# Communion to Non-Christians



## saintjonny (Jan 27, 2009)

Ok, throughout Church history, people have taken this verse:



> Therefore whoever eats the bread or drinks the cup of the Lord in an unworthy manner, shall be guilty of the body and the blood of the Lord. (1 Cor. 11:27, NASB)



As a commandment that a person must be aware of forgiveness of sins and the cross and coming in a spirit of repentance in order to receive the Lord's Supper. As such churches throughout the years have barred non-Christians and even sometimes un-baptised or non-members. 

But the thing is this verse doesn't refer to that, but they refer to the spirit it is taken in the sense of not being greedy, not fighting to get the meal, but eating as a loving community where we put each other first. The context makes this clear as that is the issue Paul has been addressing with the Corinthians, and he goes on to say:



> So then, my brethren, when you come together to eat, wait for one another. If anyone is hungry, let him eat at home, so that you will not come together for judgment. The remaining matters I will arrange when I come. (33-34, NASB)



So my question is this. On what basis do we not give the Lord's Supper to non-Christians? I have even heard it proposed that if we allow non-Christians to partake, then it's a physical and practical communication of the gospel in that it allows them to see how the gospel creates a community of love and grace in Christ. What do you think?

(And obviously this is going to be shot out of the water in your mind if you hold a higher view of the Lord's Supper such that it is more than just a symbol of remembrance.)


----------



## OPC'n (Jan 27, 2009)

It is more than just a remembrance of what He's done.
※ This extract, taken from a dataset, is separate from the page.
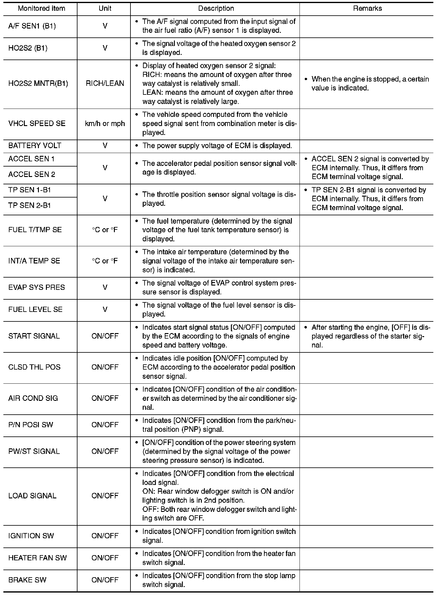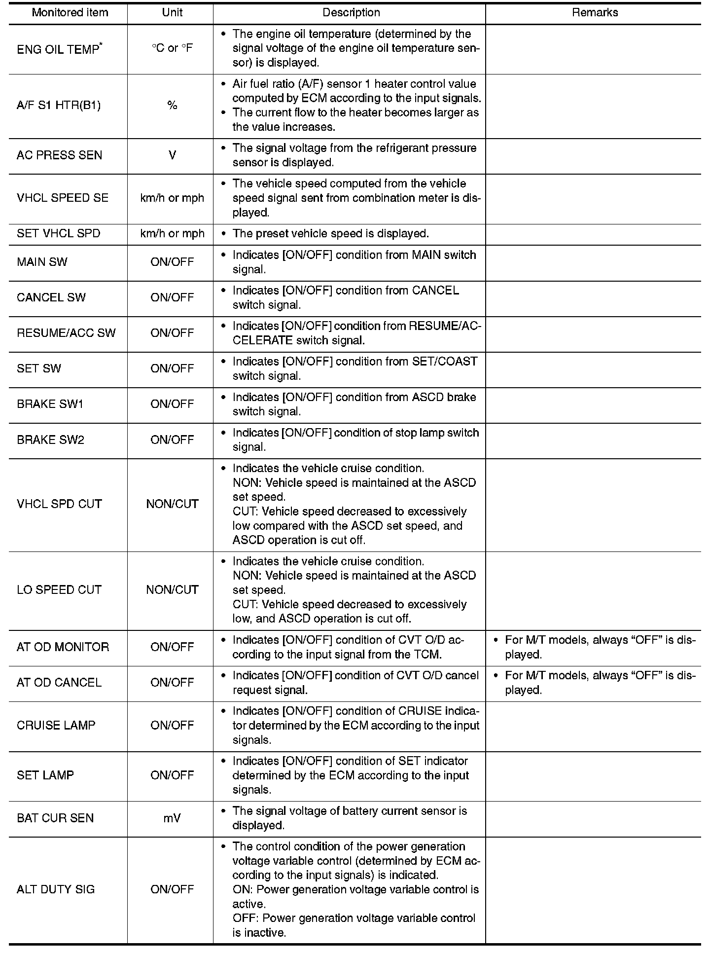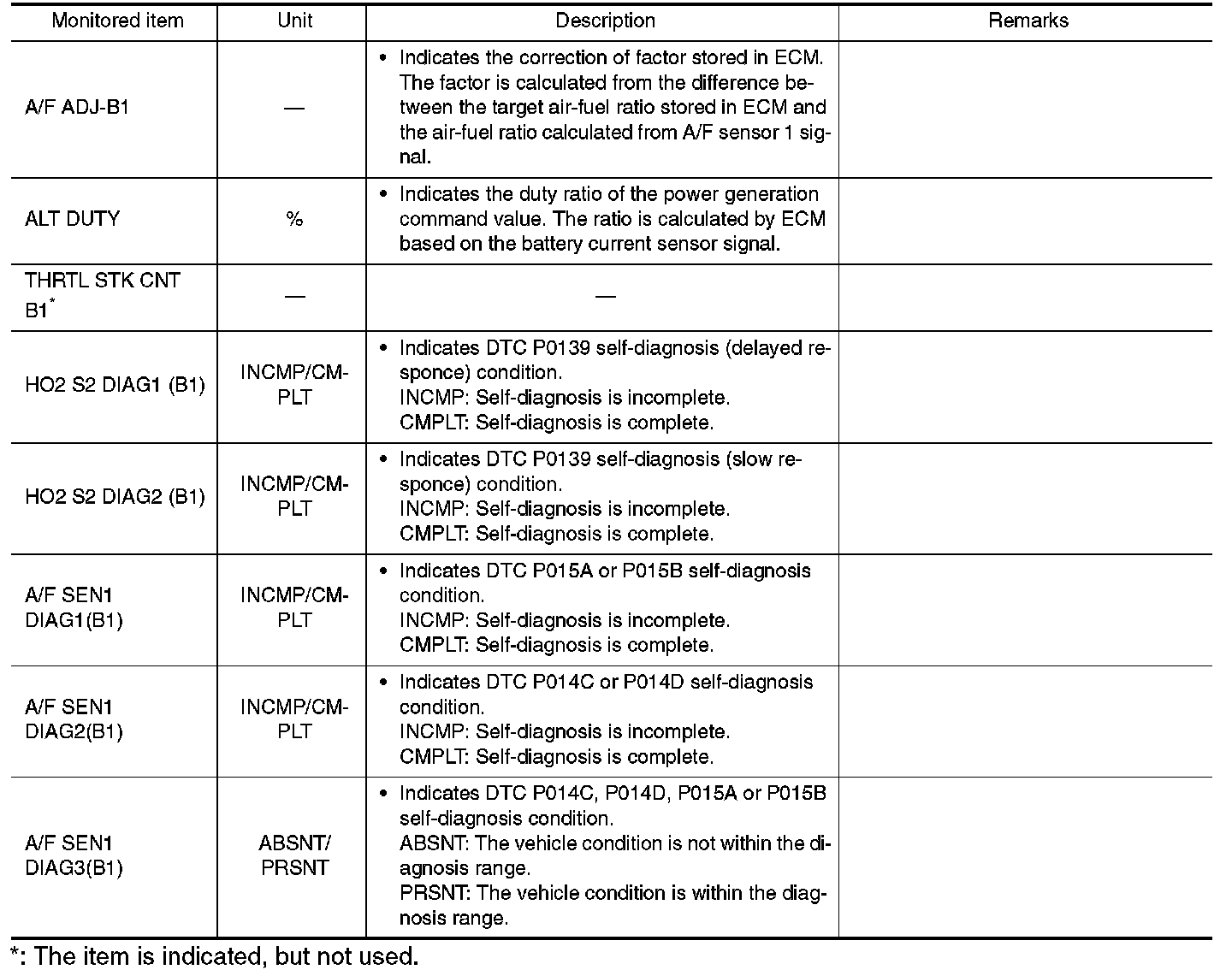 Any monitored item that does not match the vehicle being diagnosed is deleted from the display automatically.

It is a means of receiving Christ through a spiritual means. It isn't His literal body, but this is one way of receiving His grace. It is considered one of the tools of grace. I'll go look up some Scripture cuz I know there is one which speaks to the fact that it is more than just a remembrance. Might take me awhile to find.


----------



## Herald (Jan 27, 2009)

Jonny,

"So then my _*brethren*_..."

*1 Corinthians 11:32 * 32 But when we are judged, we are disciplined by the Lord so that we will _*not be condemned along with the world*_. 

Same chapter as the 1 Cor. 11:27. Here Paul clearly contrasts the believer from the world. 

*1 Corinthians 10:16-17* 16 Is not the cup of blessing which we bless _*a sharing in the blood of Christ? *_Is not the bread which we break _*a sharing in the body of Christ? *_17 Since there is one bread, _*we who are many are one body*_; for we all partake of the one bread. 

Do unbelievers have a part in the blood of Christ? Do unbelievers have a part in the body of Christ? Are unbelievers part of the body of Christ? Obviously, no.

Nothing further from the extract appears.